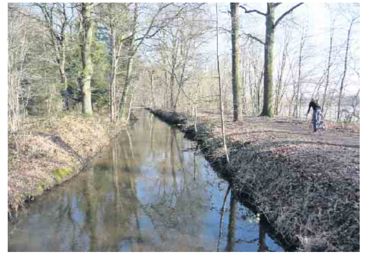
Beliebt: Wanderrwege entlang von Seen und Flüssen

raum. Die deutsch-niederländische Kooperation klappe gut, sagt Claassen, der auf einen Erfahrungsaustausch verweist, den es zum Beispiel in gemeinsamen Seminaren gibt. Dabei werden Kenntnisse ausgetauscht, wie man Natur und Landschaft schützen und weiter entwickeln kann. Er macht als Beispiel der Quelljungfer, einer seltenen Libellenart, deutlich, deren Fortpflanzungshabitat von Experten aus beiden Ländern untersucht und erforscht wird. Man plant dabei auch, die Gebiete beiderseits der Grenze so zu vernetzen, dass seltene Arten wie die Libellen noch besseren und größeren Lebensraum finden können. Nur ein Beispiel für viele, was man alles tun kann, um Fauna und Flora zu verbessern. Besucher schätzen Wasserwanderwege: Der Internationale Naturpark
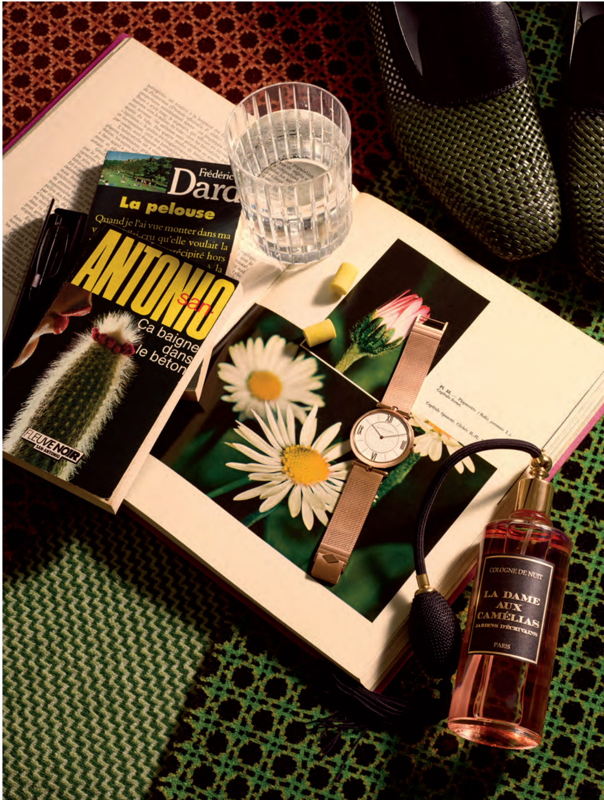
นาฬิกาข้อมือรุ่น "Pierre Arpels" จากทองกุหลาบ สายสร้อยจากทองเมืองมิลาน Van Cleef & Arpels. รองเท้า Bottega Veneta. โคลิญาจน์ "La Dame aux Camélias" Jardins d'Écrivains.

### Required work
Please produce an exact copy of the listing, omitting the pictures.

### Solution to the problem
Beliebt: Wanderrwege entlang von Seen und Flüssen

raum. Die deutsch-niederländische Kooperation klappe gut, sagt Claassen, der auf einen Erfahrungsaustausch verweist, den es zum Beispiel in gemeinsamen Seminaren gibt. Dabei werden Kenntnisse ausgetauscht, wie man Natur und Landschaft schützen und weiter entwickeln kann. Er macht als Beispiel der Quelljungfer, einer seltenen Libellenart, deutlich, deren Fortpflanzungshabitat von Experten aus beiden Ländern untersucht und erforscht wird. Man plant dabei auch, die Gebiete beiderseits der Grenze so zu vernetzen, dass seltene Arten wie die Libellen noch besseren und größeren Lebensraum finden können. Nur ein Beispiel für viele, was man alles tun kann, um Fauna und Flora zu verbessern. Besucher schätzen Wasserwanderwege: Der Internationale Naturpark
นาฬิกาข้อมือรุ่น "Pierre Arpels" จากทองกุหลาบ สายสร้อยจากทองเมืองมิลาน Van Cleef & Arpels. รองเท้า Bottega Veneta. โคลิญาจน์ "La Dame aux Camélias" Jardins d'Écrivains.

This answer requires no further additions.